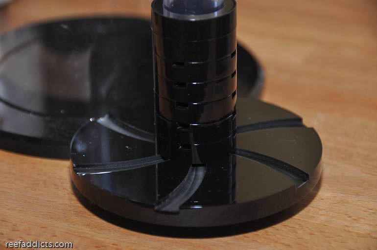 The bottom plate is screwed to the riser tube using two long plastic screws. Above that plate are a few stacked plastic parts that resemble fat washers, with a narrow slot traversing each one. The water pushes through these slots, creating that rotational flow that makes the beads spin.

* * *

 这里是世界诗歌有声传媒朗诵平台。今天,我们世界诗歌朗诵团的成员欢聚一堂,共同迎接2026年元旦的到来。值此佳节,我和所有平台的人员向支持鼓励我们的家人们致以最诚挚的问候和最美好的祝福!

...

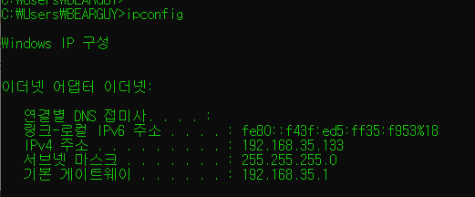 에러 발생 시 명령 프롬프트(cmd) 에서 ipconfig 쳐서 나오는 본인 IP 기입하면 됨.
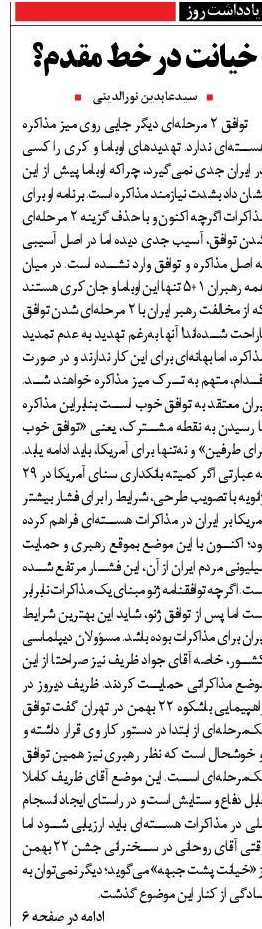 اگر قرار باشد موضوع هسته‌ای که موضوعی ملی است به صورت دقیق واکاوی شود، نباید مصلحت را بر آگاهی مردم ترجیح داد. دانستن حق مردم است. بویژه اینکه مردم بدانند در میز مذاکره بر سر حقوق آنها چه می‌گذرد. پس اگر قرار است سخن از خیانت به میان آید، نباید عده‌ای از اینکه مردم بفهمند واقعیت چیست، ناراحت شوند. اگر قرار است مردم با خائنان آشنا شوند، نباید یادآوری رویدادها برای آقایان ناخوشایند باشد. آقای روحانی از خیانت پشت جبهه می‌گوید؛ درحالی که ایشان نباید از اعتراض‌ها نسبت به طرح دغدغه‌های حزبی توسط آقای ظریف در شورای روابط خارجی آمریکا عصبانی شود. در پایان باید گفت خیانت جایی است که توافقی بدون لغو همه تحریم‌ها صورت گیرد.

## TASK OBJECTIVE
Return exactly the part of the listing above that opens with the line containing "에러 발생 시 명령 프롬프트(cmd)" and closes with the line containing "اگر قرار باشد". Pictures stay out.

## OUTPUT OF THE TASK
 에러 발생 시 명령 프롬프트(cmd) 에서 ipconfig 쳐서 나오는 본인 IP 기입하면 됨.
 اگر قرار باشد موضوع هسته‌ای که موضوعی ملی است به صورت دقیق واکاوی شود، نباید مصلحت را بر آگاهی مردم ترجیح داد. دانستن حق مردم است. بویژه اینکه مردم بدانند در میز مذاکره بر سر حقوق آنها چه می‌گذرد. پس اگر قرار است سخن از خیانت به میان آید، نباید عده‌ای از اینکه مردم بفهمند واقعیت چیست، ناراحت شوند. اگر قرار است مردم با خائنان آشنا شوند، نباید یادآوری رویدادها برای آقایان ناخوشایند باشد. آقای روحانی از خیانت پشت جبهه می‌گوید؛ درحالی که ایشان نباید از اعتراض‌ها نسبت به طرح دغدغه‌های حزبی توسط آقای ظریف در شورای روابط خارجی آمریکا عصبانی شود. در پایان باید گفت خیانت جایی است که توافقی بدون لغو همه تحریم‌ها صورت گیرد.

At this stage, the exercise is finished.